Well done Shaun from Nottingham and Maria from Seville.

In this diagram $OX$ makes an angle $\theta$ with the vertical, which means that the $2$ and $3$ weights both make an angle $\theta$ with the horizontal.

If we take the length $OX$ as the unit and then think about a vertical line through $O$ and the horizontal space between that line and vertical lines through the $2$ and $3$ weights, and also through $X$.
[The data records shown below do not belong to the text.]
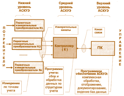 Решение проблемы учета электроэнергии требует создания автоматизированных систем контроля и учета, которые в общем случае содержат два или три уровня (рис. 6.2):
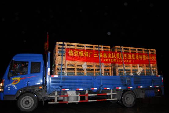 经国家质检总局和农业部批准,我司今年十一月二十三日从美国SPF原种猪场引进905头优质种猪。这是我公司在1985年、1986年、2000年和2008年多次创全国单次最大规模从美引进曾祖代优质种猪后的又一次大规模进口曾祖代种猪。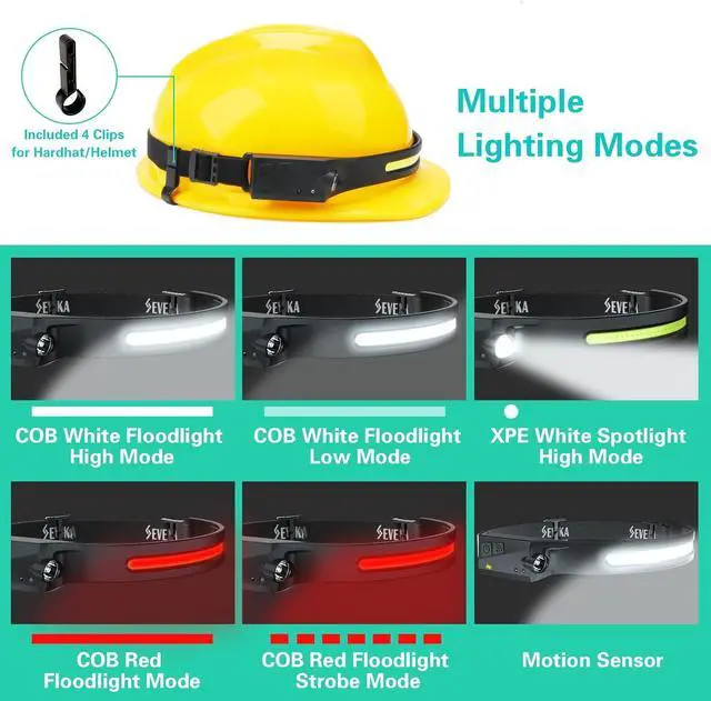 Modes & Lightweight: SEVENKA comfortable headband light only weighs 2.47 oz/70 g with built-in 1200 mAh lithium battery. You'll feel nothing even wearing it all day. Short press power button 5 times to cycle through COB high / COB low / Spot light high/ Spot light low mode/OFF. Long press power button while light is on it can turn as SOS strobe light for emergency situation. Adjustable headbands fit for adults or kids and it is provided to make your head get the best comfortable conditionIncluded Hardhat Clips & Durable Elastic Headband: With water resistant function LED headlamps are built to last and protected against heavy rain or snow. Whenever you wear headlamp outdoors you wouldn't need to worry if it rains unexpectedly. Suitable for camping riding running night walking mountaineering fishing hunting reading car repairing DIY works or emergency situation like fire hurricane storm power outage. Included headlamp clips for narrow-edged hardhat helmetAdjustable

We can see that the horizontal shift from the pivot for $X$ is $\sin\theta$ and the horizontal shift from the pivot for the $2$ and for the $3$ is $\cos\theta$. The balance will come to a settled position so that:

$$3\cos\theta = 2\cos\theta + X\sin\theta$$

which means that $X\sin\theta$ must equal $\cos\theta$ or, after a little rearranging,

$$ X = \frac{ \cos\theta}{ \sin\theta}\;.$$

At Stage 4 this equation is properly best solved by trial and improvement but if you have gone just a little bit further with your maths, you may know that:

$$\tan\theta = \frac{ \sin\theta}{ \cos\theta}\;.$$
Investigate that if you haven't seen it before.

So here $\tan\theta$ will equal $1/x$, and all we need to do is find $1/x$ on a calculator and then take the inverse Tangent for that value. In degrees the specific angles were $45$ degrees and $26.6$ degrees (to $1$ decimal place).